ACTIVITY:
Your task is to copy the records that follow exactly, minus any images.

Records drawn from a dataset
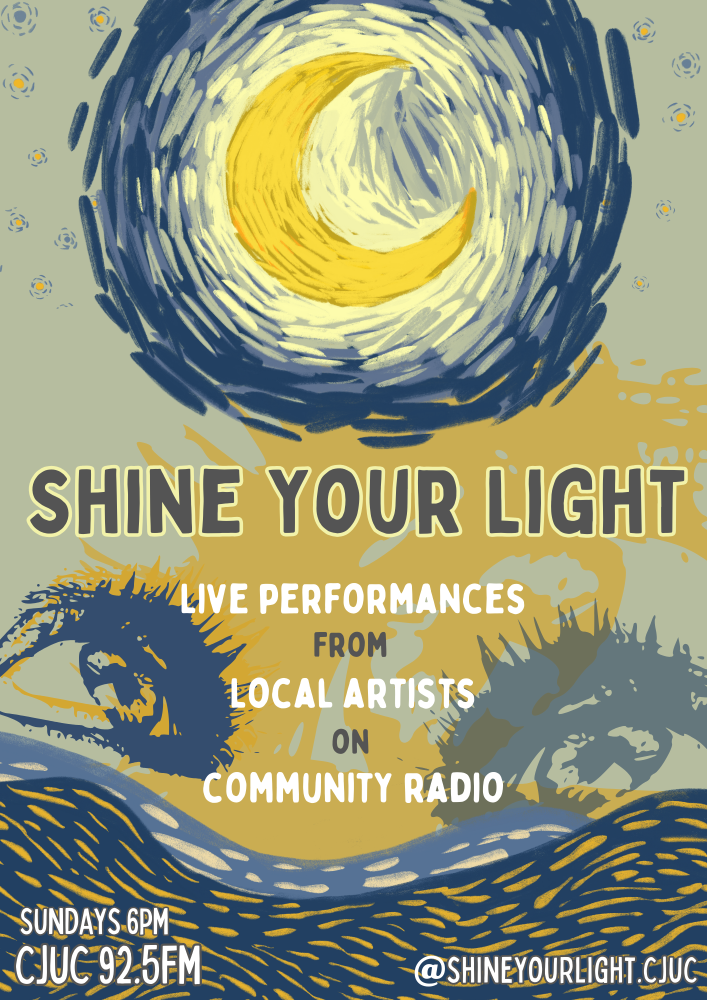 Shine Your Light is a live performance/interview radio production, Drawing inspiration from the artistic curiosity of the podcasts such On Being & Talk Easy. In the five seasons since its inception Shine Your Light has provided a platform for over 60 Yukon based musicians and artists, peel back the curtain on the creative process and held space for raw live performances.
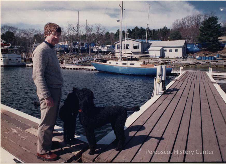 A color photographic view of Robert Small, with his 2 dogs standing on the dock in front of the Great Island Boat Yard.
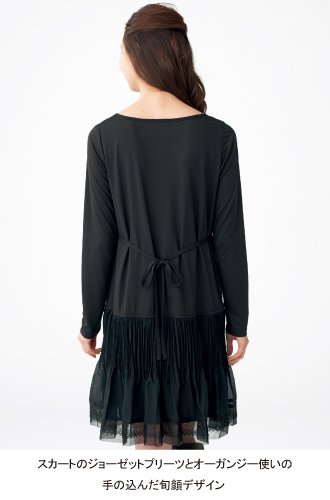 - ●素材/ニット天竺(ポリエステル67%、レーヨン33%) 100dシフォンジョーゼットクリスタルランダムプリーツ(ポリエステル100%) オーガンジーカットワーク刺しゅうレース(ポリエステル100%)
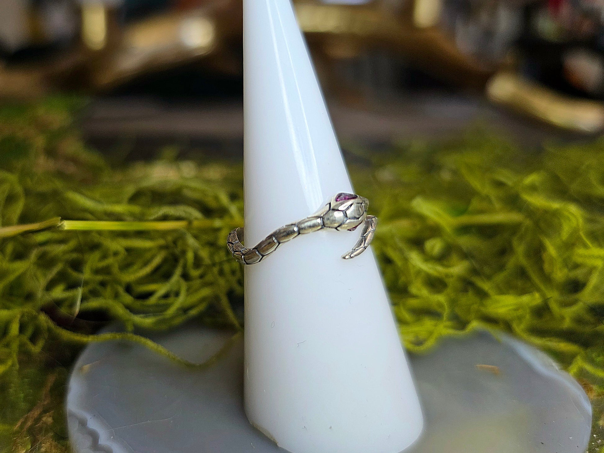 This ring features two 2.5mm faceted rubies set into the eyes of a coiledsnake. The ring is adjustable and will best fit sizes 5 - 7
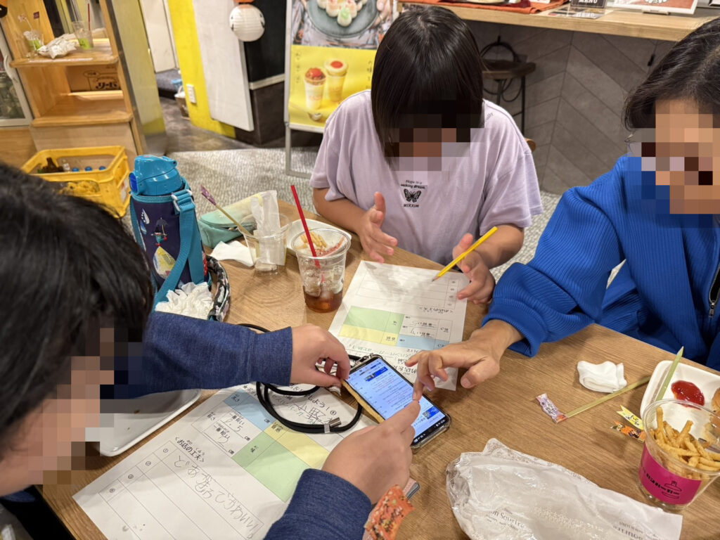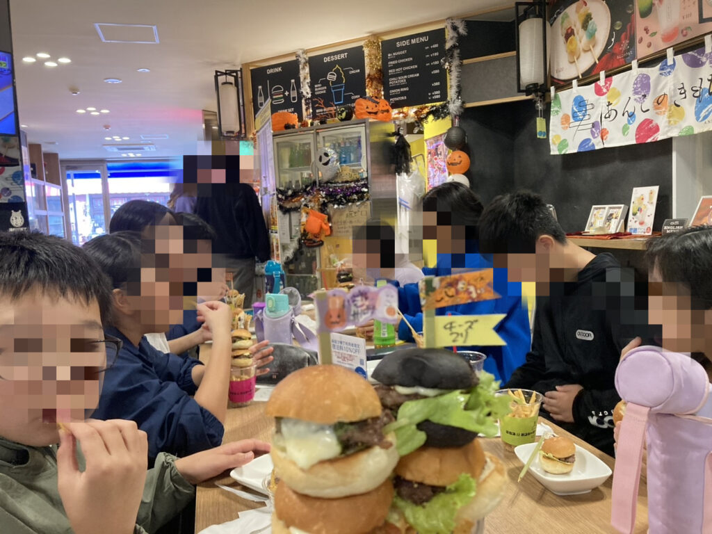 中1はポテト屋さんの開店に向けて、川越に調査です。早速、美味しそうなバーガー屋さんを見つけたようです。
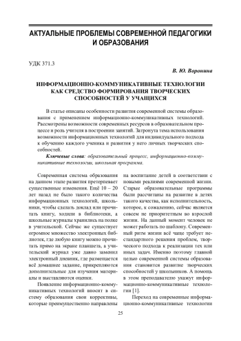 1. Кудрань В. А. Специфика развития творческих способностей подростков в условиях применения информационных технологий // Педагогический журнал. 2019. Т. 9. № 1-1. С. 290 - 298.

ANSWER BOX:
 Shine Your Light is a live performance/interview radio production, Drawing inspiration from the artistic curiosity of the podcasts such On Being & Talk Easy. In the five seasons since its inception Shine Your Light has provided a platform for over 60 Yukon based musicians and artists, peel back the curtain on the creative process and held space for raw live performances.
 A color photographic view of Robert Small, with his 2 dogs standing on the dock in front of the Great Island Boat Yard.
 - ●素材/ニット天竺(ポリエステル67%、レーヨン33%) 100dシフォンジョーゼットクリスタルランダムプリーツ(ポリエステル100%) オーガンジーカットワーク刺しゅうレース(ポリエステル100%)
 This ring features two 2.5mm faceted rubies set into the eyes of a coiledsnake. The ring is adjustable and will best fit sizes 5 - 7
 中1はポテト屋さんの開店に向けて、川越に調査です。早速、美味しそうなバーガー屋さんを見つけたようです。
 1. Кудрань В. А. Специфика развития творческих способностей подростков в условиях применения информационных технологий // Педагогический журнал. 2019. Т. 9. № 1-1. С. 290 - 298.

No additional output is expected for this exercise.